Achebe was a man of many anchors, adeptly combining the roles of critic, activist, organizer, publisher, politician, and served as the President-General (PG) of his native town union in Ogidi, Anambra State.
When he rejected the award of the high national honour of Commander of the Federal Republic (CFR) in October, 2004, from then President Olusegun Obasanjo, Achebe wrote: “I write this letter with a very heavy heart. For some time now, I have watched events in Nigeria with alarm and dismay. I have watched particularly the chaos in my own state of Anambra where a small clique of renegades, openly boasting its connection in high places, seems determined to turn my homeland into a bankrupt and lawless fiefdom. I am appalled by the brazenness of this clique and the silence, if not connivance, of the Presidency.”
True to his unwavering principle, Achebe also rejected the award when it was re-offered by President Goodluck Jonathan in 2011.
Achebe’s word would have resounded if he were to be alive today, seeing the dire circumstances of the country.
A man who always spoke truth to power, Achebe wrote in his 1983 book The Trouble with Nigeria: “The trouble with Nigeria is simply and squarely a failure of leadership. There is nothing basically wrong with the Nigerian character. There is nothing wrong with the Nigerian land or climate or water or air or anything else. The Nigerian problem is the unwillingness or inability of its leaders to rise to the responsibility, to the challenge of personal example which are the hallmarks of true leadership.”
According to Achebe, “Nigeria is what it is because its leaders are not what they should be.”
Chinua Achebe left behind an everlasting body of work: Things Fall Apart, No Longer at Ease, Arrow of God, A Man of the People, Anthills of the Savannah, Girls at War and Other Stories, Beware Soul Brother, Morning Yet on Creation Day, The Trouble with Nigeria, Chike and the River, Home and Exile, Hopes and Impediments, The Education of a British-Protected Child, There Was A Country etc.
It was one death that shook the world when Chinua Achebe died at exactly 11:51pm (US time), that is 4.51am (Nigerian time), on Thursday, March 21 at the Harvard University Teaching Hospital, Massachusetts, USA, aged 82.

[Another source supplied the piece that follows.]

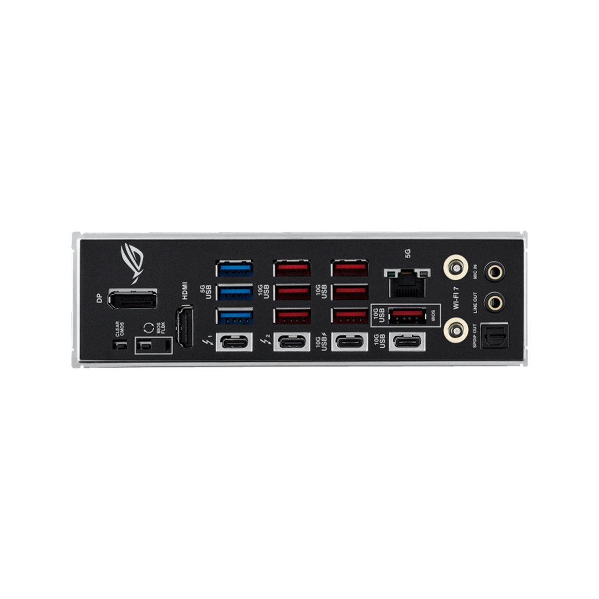 2 x Thunderbolt? 4 (2 x USB Type-C?) 9 x USB 10Gbps ports (7 x Type-A + 1 x USB Type-C? + 1 x USB Type-C? with up to 30W PD Fast-charge) 3 x USB 5Gbps ports (3 x Type-A) 1 x DisplayPort 1 x HDMI? port 1 x Wi-Fi Module 1 x Realtek 5Gb Ethernet 2 x Gold-plated audio jacks 1 x Optical S/PDIF out port 1 x BIOS FlashBack? button 1 x Clear CMOS button |

Tributes poured in from all over the world such as the iconic Kenyan novelist, Ngugi wa Thiong’o, who wrote: “Achebe bestrides generations and geographies. Every country in Africa claims him as their own.”
Achebe’s legacy was lauded by the then US President Barrack Obama thus: “A revolutionary author, educator, and cultural ambassador, Chinua shattered the conventions of literature and shaped the collective identity of Nigerians throughout the world. With a dream of taking on misperceptions of his homeland, he gave voice to perspectives that cultivated understanding and drew our world closer together. His legacy will endure in the hearts of all whose lives he touched with the everlasting power of his art.”
Now that there is a Chinua Achebe International Airport in Anambra State, the whole wide world is welcome!
Uzor Maxim Uzoatu is the author of God of Poetry.